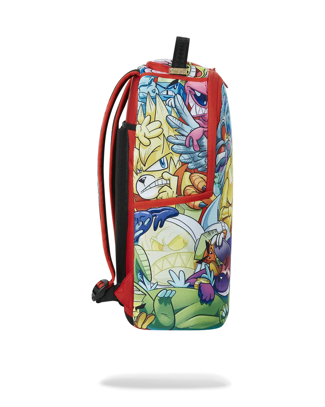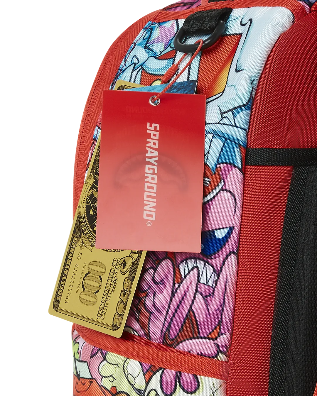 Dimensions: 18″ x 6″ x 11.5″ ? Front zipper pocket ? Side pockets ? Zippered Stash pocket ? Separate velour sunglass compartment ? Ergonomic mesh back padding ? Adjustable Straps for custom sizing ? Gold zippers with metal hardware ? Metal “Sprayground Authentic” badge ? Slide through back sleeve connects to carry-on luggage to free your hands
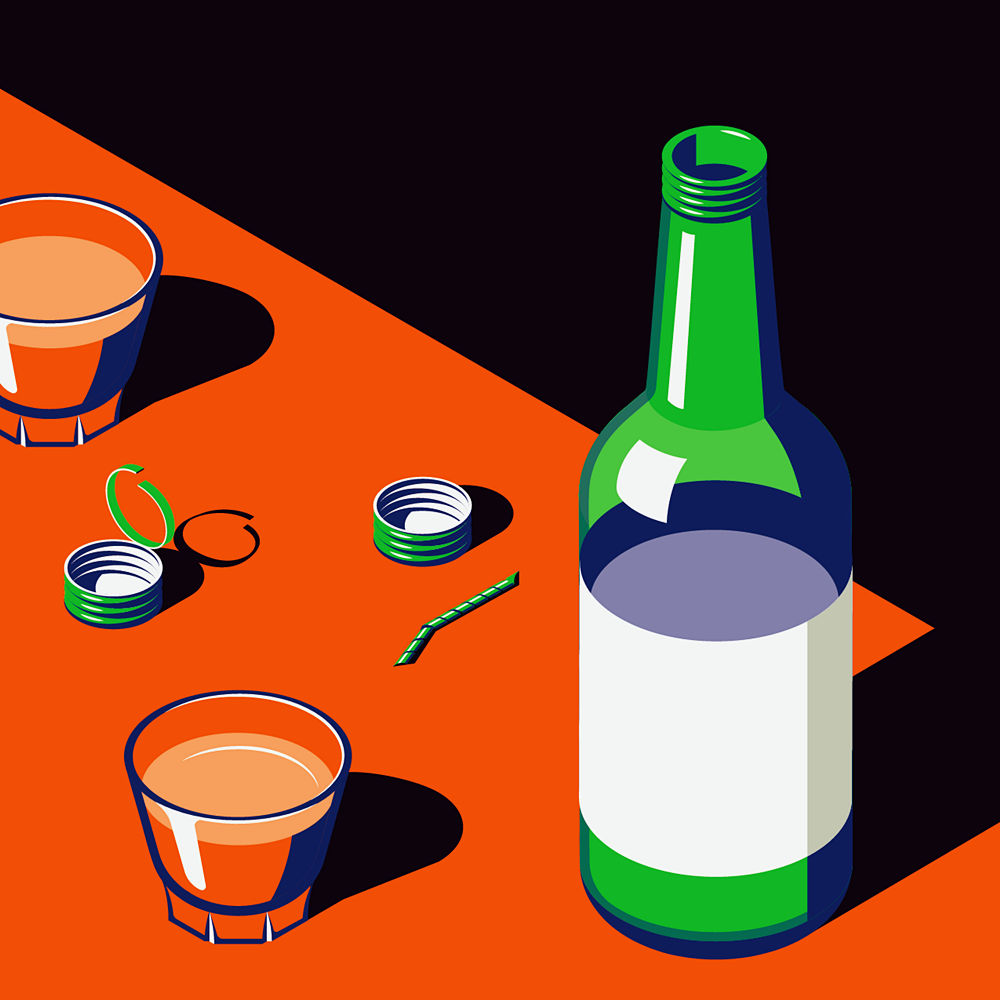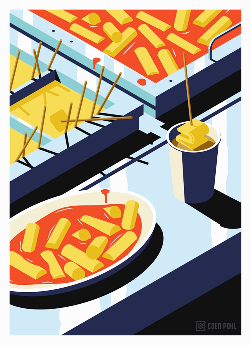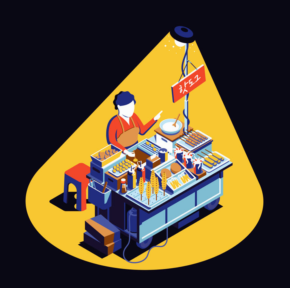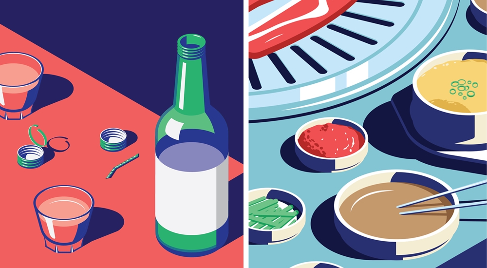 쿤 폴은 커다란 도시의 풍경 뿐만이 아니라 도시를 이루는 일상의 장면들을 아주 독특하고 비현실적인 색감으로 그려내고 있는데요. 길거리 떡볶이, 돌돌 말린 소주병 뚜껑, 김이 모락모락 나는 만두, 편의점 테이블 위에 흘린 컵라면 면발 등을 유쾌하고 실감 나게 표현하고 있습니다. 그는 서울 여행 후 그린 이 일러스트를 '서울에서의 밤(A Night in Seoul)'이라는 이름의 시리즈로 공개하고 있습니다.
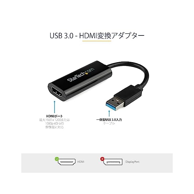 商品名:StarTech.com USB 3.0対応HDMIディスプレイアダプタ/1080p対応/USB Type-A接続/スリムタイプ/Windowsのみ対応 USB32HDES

* _WHAT YOU WILL DO_: The whole listing above should be restated word for word, minus any images.

* _RESULT OF THIS TASK_:
 Dimensions: 18″ x 6″ x 11.5″ ? Front zipper pocket ? Side pockets ? Zippered Stash pocket ? Separate velour sunglass compartment ? Ergonomic mesh back padding ? Adjustable Straps for custom sizing ? Gold zippers with metal hardware ? Metal “Sprayground Authentic” badge ? Slide through back sleeve connects to carry-on luggage to free your hands
 쿤 폴은 커다란 도시의 풍경 뿐만이 아니라 도시를 이루는 일상의 장면들을 아주 독특하고 비현실적인 색감으로 그려내고 있는데요. 길거리 떡볶이, 돌돌 말린 소주병 뚜껑, 김이 모락모락 나는 만두, 편의점 테이블 위에 흘린 컵라면 면발 등을 유쾌하고 실감 나게 표현하고 있습니다. 그는 서울 여행 후 그린 이 일러스트를 '서울에서의 밤(A Night in Seoul)'이라는 이름의 시리즈로 공개하고 있습니다.
 商品名:StarTech.com USB 3.0対応HDMIディスプレイアダプタ/1080p対応/USB Type-A接続/スリムタイプ/Windowsのみ対応 USB32HDES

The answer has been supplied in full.